我有一个数据帧(new_dataframe
)看起来像这样:
| time | other | another |
--------------------------------------
| dt_obj | ....... | ......... |
| dt_obj | ....... | ......... |
| dt_obj | ....... | ......... |
| dt_obj | ....... | ......... |
还有另一个看起来像这样的数据框(reference
):
| Time | Day | targ_field |
--------------------------------------
| time_obj | weekday | ......... |
| time_obj | Saturday | ......... |
| time_obj | Sunday | ......... |
| time_obj | ....... | ......... |
我想将reference [“ Time”]。time()行的值与new_dataframe [“ time”]进行比较,并将reference [“ targ_field”]行的值添加到new_dataframe [“ time”]的相关行中。问题在于,我基于每行(reference
的dt_obj来选择4个不同的def choose_ref(dt))
数据帧。
以下是我的代码:
def get_day(dt):
"""
Return a string based on a given datetime.

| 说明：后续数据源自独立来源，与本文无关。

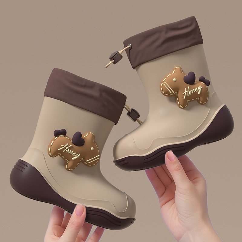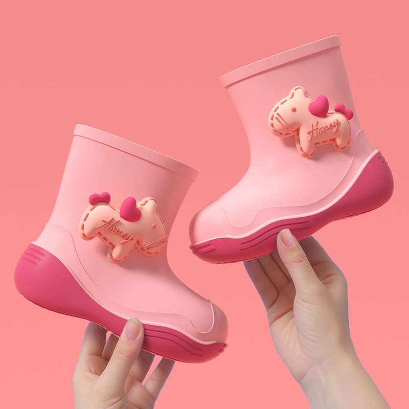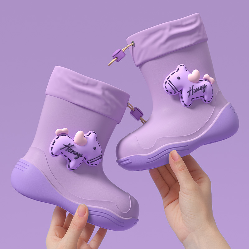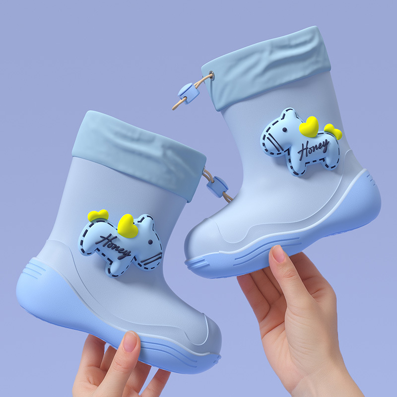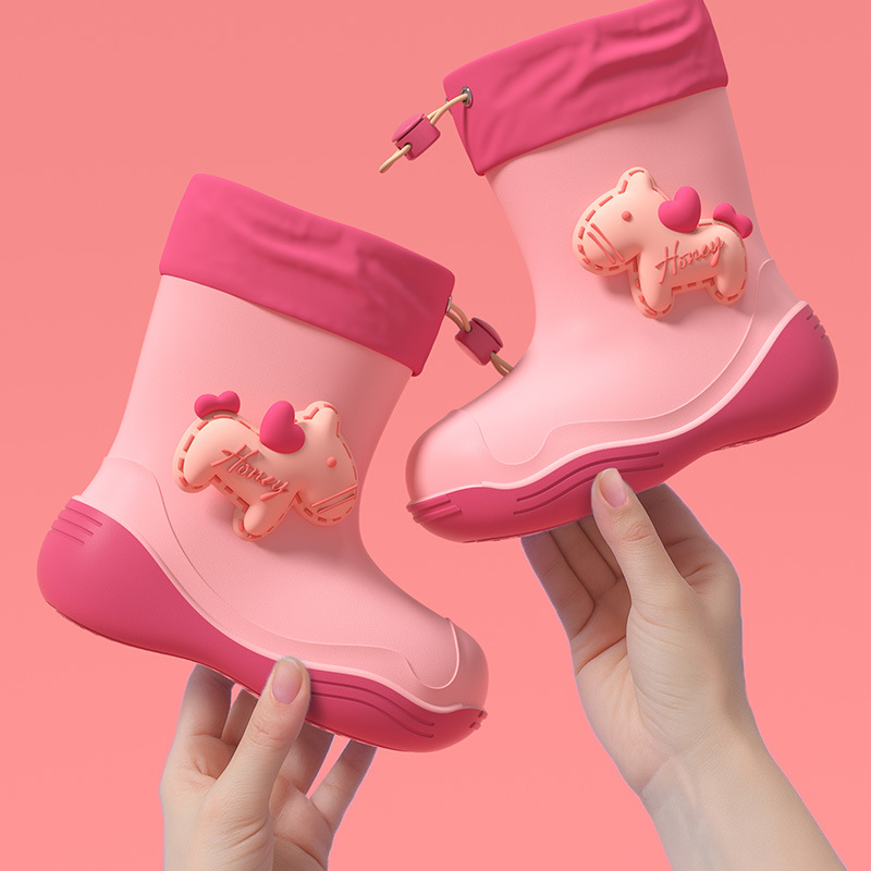 防水口可爱儿童雨鞋女款学生中小童防滑软底雨靴加绒防水鞋胶鞋男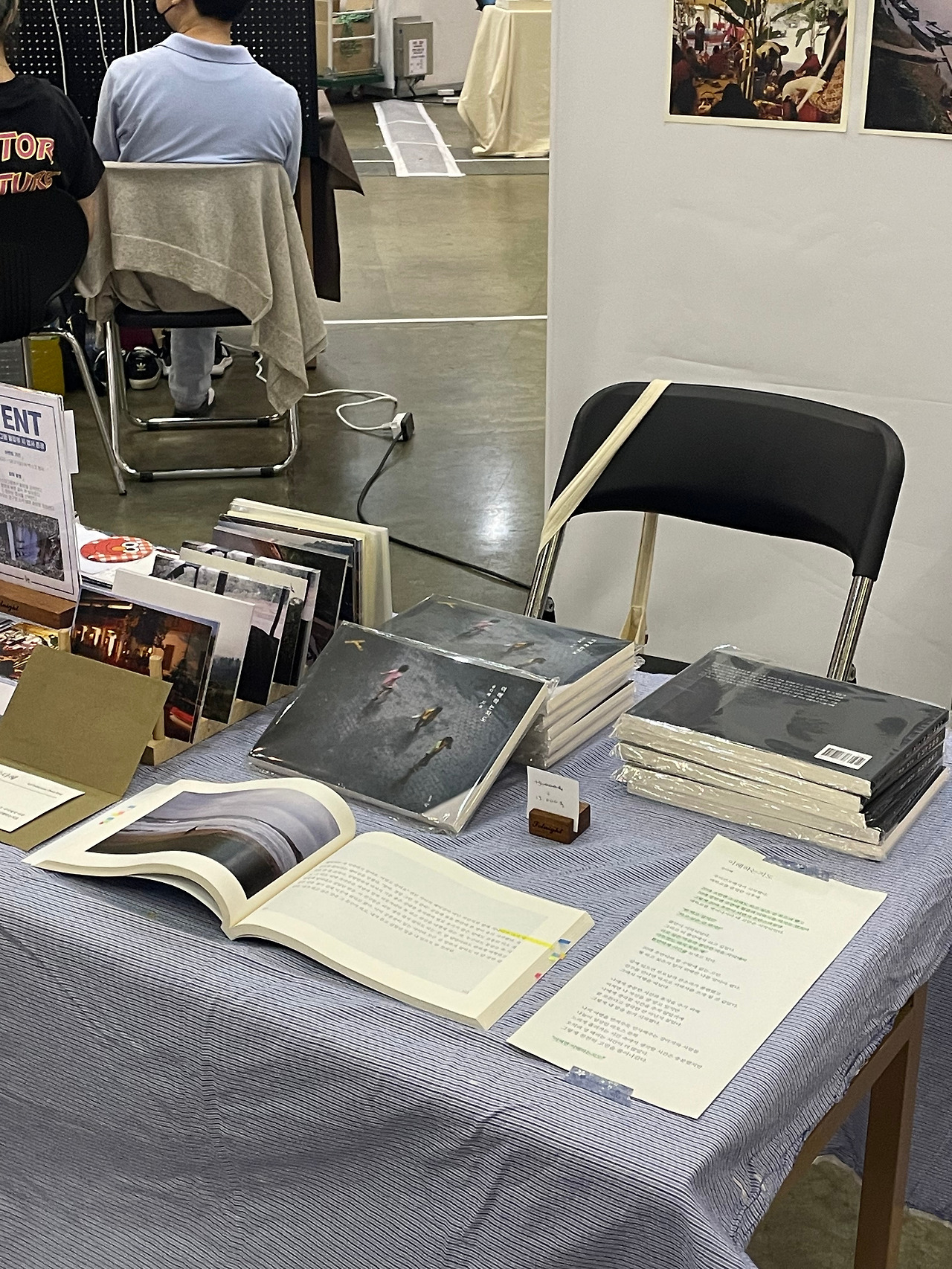 사람이 제일 없던 날이었던 거 같아요. 6시에 끝나는 행사인데 5시부터 마감하는 부스도 많았어요. 혹시 몰라서 5시 50분까지 버텼는데 사람 없는 걸 보고 저도 정리했어요. 다른 작가님들도 생각보다 판매가 저조한 듯 보였어요. 주최자 분도 올해는 사람이 많이 없어서 당황스럽다고 하더라고요. 홍보를 조금 더 해주시길 바라는 마음이 강했어요. 아쉬웠거든요. 그럼에도 오랜만에 독자와 얘기를 나눌 수 있어서 좋았어요. 예전에는 활발하게 "안녕하세요. 책 읽고 가셔요."라고 말했다면 이번엔 쑥스러워서 작게 인사하곤 했어요. 다음에도 이런 기회가 생긴다면 기분 좋게 인사하며 많은 이야기를 나눌 수 있을 것 같아요.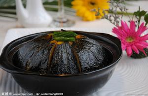 3、待南瓜熟透後,放入鹽、雞精、胡椒炒勻,裝盤即可。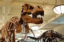 - Tyrannosaurus rex (exemplář AMNH 5027)[25]: Kostra je sestavena téměř úplně ze skutečných zkamenělých kostí v horizontální, vyvážené poloze, jako by kráčel. Kosti ve skutečnosti pocházejí ze dvou různých jedinců, které v Montaně v letech 1902 a 1908 objevil známý "lovec dinosaurů" Barnum Brown.[26]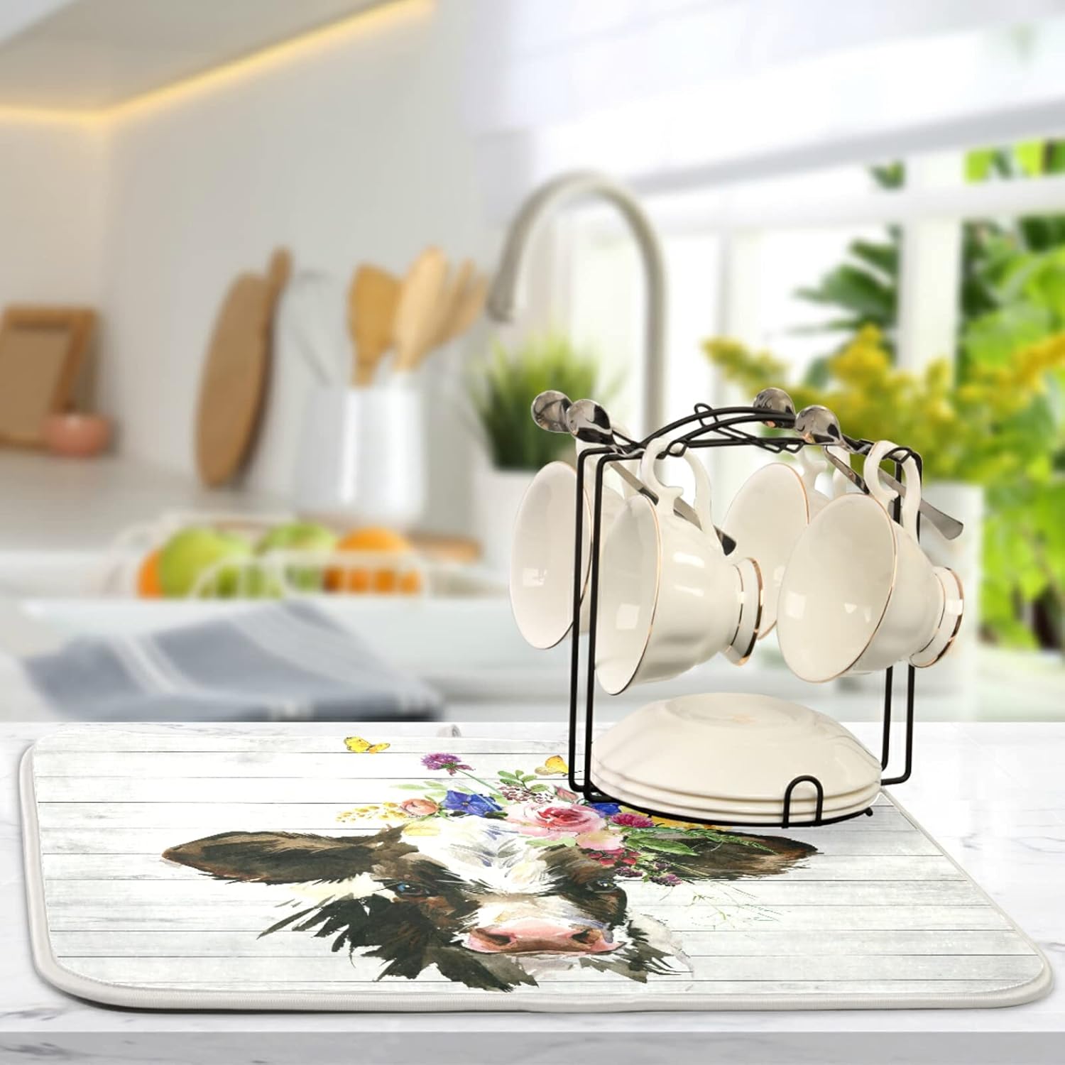 Farmhouse Cow Wood Dish Drying Mat for Kitchen 18x24 inch - Absorbent Microfiber Drainer Rack Fast Dry for Kitchen Counter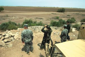 أحد أفراد الحرس الوطني العسكري الأمريكي يعمل برفقة الدورية الحدودية الأمريكية لدعم Operation Jump Start، أريزونا، يوليو 2006.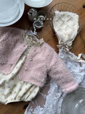 -上品なベルベットテクスチャーに、繊細なレースとチュールディテールを重ねたプレミアムスーツ。ふんわりとしたレースフリルとベルベットリボンが視線を惹きつけ、チュールスカートを重ねたボリューム感のあるシルエットが愛らしさを引き立てます。お宮参りやバースデー、記念撮影など特別な日にぴったりのフォーマルウェアです。
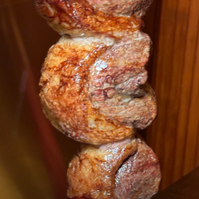 엄청 큰 슈하스코 꼬치를 들고 다니시는데 고기를 썰어주시면 집게로 잡는 재미가 있어요.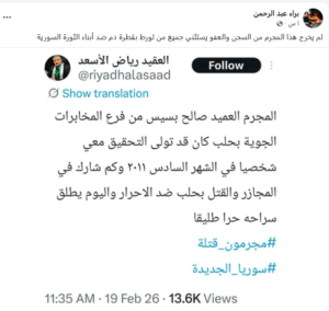 هالنفي من الوزارة إجا بعد ما العقيد رياض الأسعد، اللي انشق عن النظام البائد من بداية الثورة، نشر تغريدة على حسابو بمنصة “إكس”. قال فيها الأسعد إنو “المجرم العميد صالح بسيس من فرع المخابرات الجوية بحلب هو اللي تولى التحقيق معي شخصياً بشهر حزيران سنة 2011”.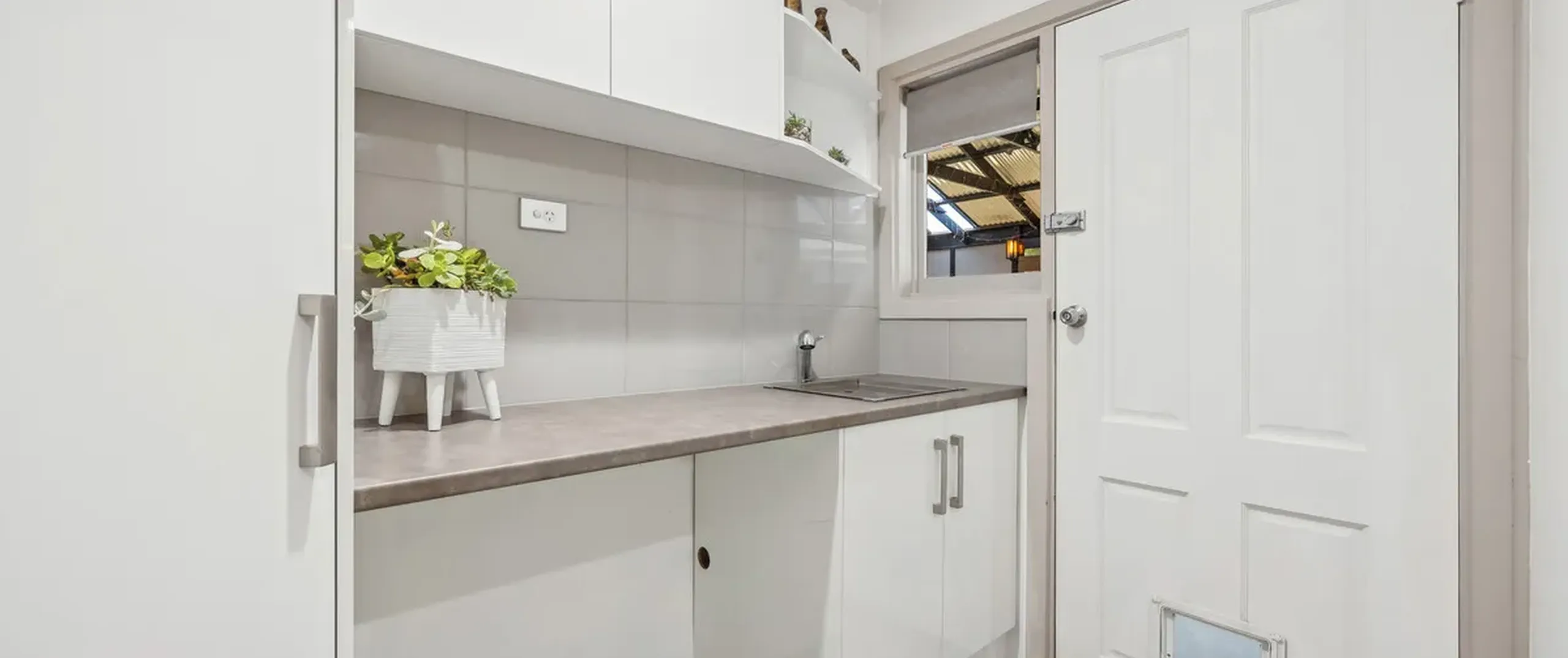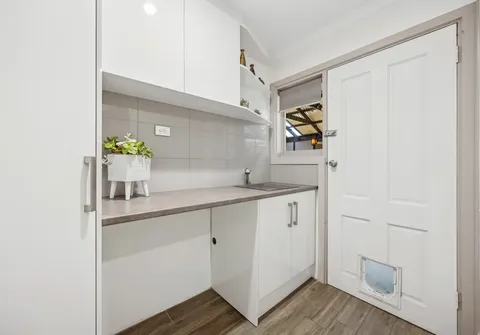 - Laundry with under-counter recess for washing machine, ample cupboard space and dog door installed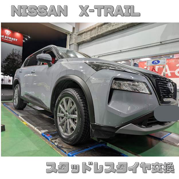 本日はNISSAN X-TRAILにスタッドレスタイヤ+アルミホイールを装着したので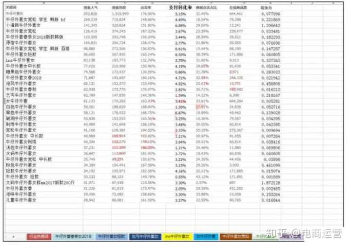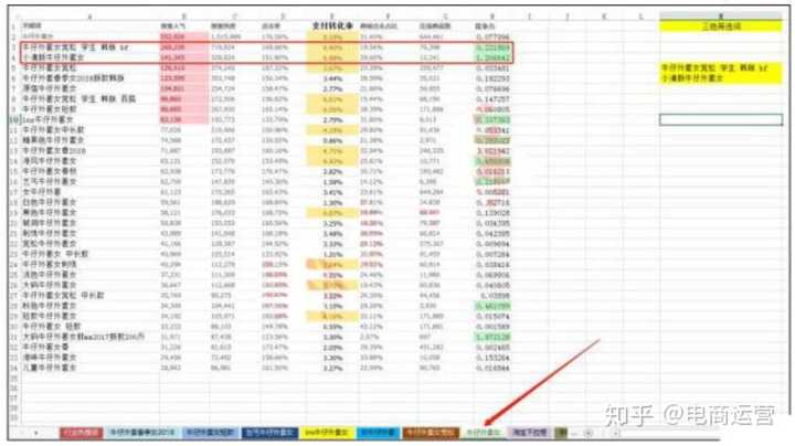 我们可以新建一个Excel表格,将生意参谋导出的关键词复制到表格里,然后通过上述指标,筛选出合适我们宝贝的关键词进行组合。

:param dt: datetime of interest
:return: string that shows if that day was Sunday, Saturday weekday"""
if dt.weekday() == 6:
result = "Sunday"
elif dt.weekday() == 5:
result = "Saturday"
else:
result = "weekday"
return result
def choose_ref(dt):
year = dt.year
flag_1 = aware_datetime_obj_1
flag_2 = aware_datetime_obj_2
flag_3 = aware_datetime_obj_3
flag_4 = aware_datetime_obj_4
if flag_1 < dt < flag_2:
return filename_1
elif flag_2 < dt < flag_3:
return filename_2
elif flag_3 < dt < flag_4:
return filename_3
else:
return filename_4
def add_ref(dt, reference_p):
day = get_day(dt)
reference_file = os.path.join(reference_p, choose_ref(dt))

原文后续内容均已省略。